Department of Microbiology and Immunology, Louisiana State University Health Sciences Center, Shreveport, LA, United States.
Division of Geriatrics and Nutritional Science, Washington University School of Medicine, St. Louis, MO, United States.
Atherosclerosis. 2021 Aug;330:76-84. doi: 10.1016/j.atherosclerosis.2021.06.927. Epub 2021 Jul 1.
Atherosclerosis is the most prominent underlying cause of cardiovascular disease (CVD). It is initiated by cholesterol deposition in the arterial intima, which causes macrophage recruitment and proinflammatory responses that promote plaque growth, necrotic core formation, and plaque rupture. Lipin-1 is a phosphatidic acid phosphohydrolase for glycerolipid synthesis. We have shown that lipin-1 phosphatase activity promotes macrophage pro-inflammatory responses when stimulated with modified low-density lipoprotein (modLDL) and accelerates atherosclerosis. Lipin-1 also independently acts as a transcriptional co-regulator where it enhances the expression of genes involved in β-oxidation. In hepatocytes and adipocytes, lipin-1 augments the activity of transcription factors such as peroxisome proliferator-activated receptor (PPARs). PPARs control the expression of anti-inflammatory genes in macrophages and slow or reduce atherosclerotic progression. Therefore, we hypothesize myeloid-derived lipin-1 transcriptional co-regulatory activity reduces atherosclerosis.
We used myeloid-derived lipin-1 knockout (lipin-1mKO) and littermate control mice and AAV8-PCSK9 along with high-fat diet to elicit atherosclerosis.
Lipin-1mKO mice had larger aortic root plaques than littermate control mice after 8 and 12 weeks of a high-fat diet. Lipin-1mKO mice also had increased serum proinflammatory cytokine concentrations, reduced apoptosis in plaques, and larger necrotic cores in the plaques compared to control mice.

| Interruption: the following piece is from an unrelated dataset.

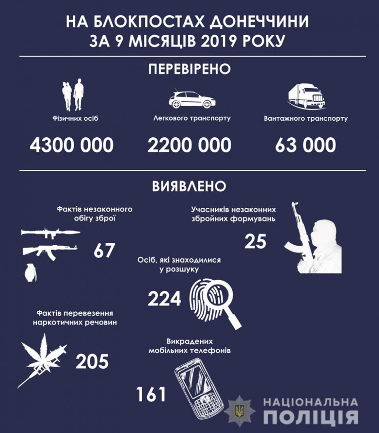 За 9 месяцев 2019 через блокпосты Донетчине, где дежурят представители полиции, прошли более 63 тысяч единиц грузового транспорта, свыше 2,2 млн. легковых авто и более 4,3 млн. граждан.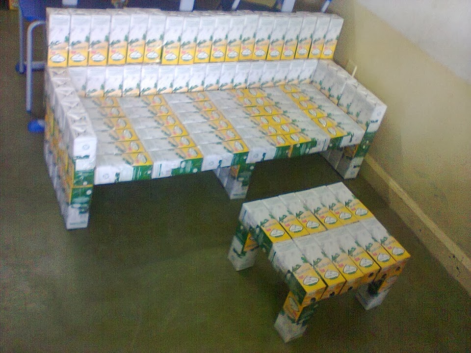 Criatividade unida a responsabilidade socioambiental dos alunos do 2º e 5º Anos do Colégio Polivalente - Ponte Nova fazendo móveis com caixas de leite.

Combined, the data suggest lipin-1 transcriptional co-regulatory activity in myeloid cells is atheroprotective.
动脉粥样硬化是心血管疾病(CVD)最突出的潜在病因。它是由胆固醇在动脉内膜中的沉积引起的,导致巨噬细胞募集和促炎反应,促进斑块生长、坏死核心形成和斑块破裂。脂磷肌醇-1 是甘油磷脂合成的磷酸脂酶。我们已经表明,脂磷肌醇-1 磷酸酶活性在受到修饰的低密度脂蛋白(modLDL)刺激时促进巨噬细胞的促炎反应,并加速动脉粥样硬化。脂磷肌醇-1 还可以作为转录共调节剂独立发挥作用,增强涉及β-氧化的基因的表达。在肝细胞和脂肪细胞中,脂磷肌醇-1 增强转录因子如过氧化物酶体增殖物激活受体(PPARs)的活性。PPARs 控制巨噬细胞中抗炎基因的表达,减缓或减少动脉粥样硬化的进展。因此,我们假设髓样细胞来源的脂磷肌醇-1 转录共调节活性可减少动脉粥样硬化。
我们使用髓样细胞来源的脂磷肌醇-1 敲除(lipin-1mKO)和同窝对照小鼠以及 AAV8-PCSK9 联合高脂肪饮食来引发动脉粥样硬化。
高脂饮食 8 周和 12 周后,lipin-1mKO 小鼠的主动脉根部斑块比同窝对照小鼠大。lipin-1mKO 小鼠的血清促炎细胞因子浓度升高,斑块中的细胞凋亡减少,斑块中的坏死核心更大。
综合数据表明,髓样细胞中的脂磷肌醇-1 转录共调节活性具有抗动脉粥样硬化作用。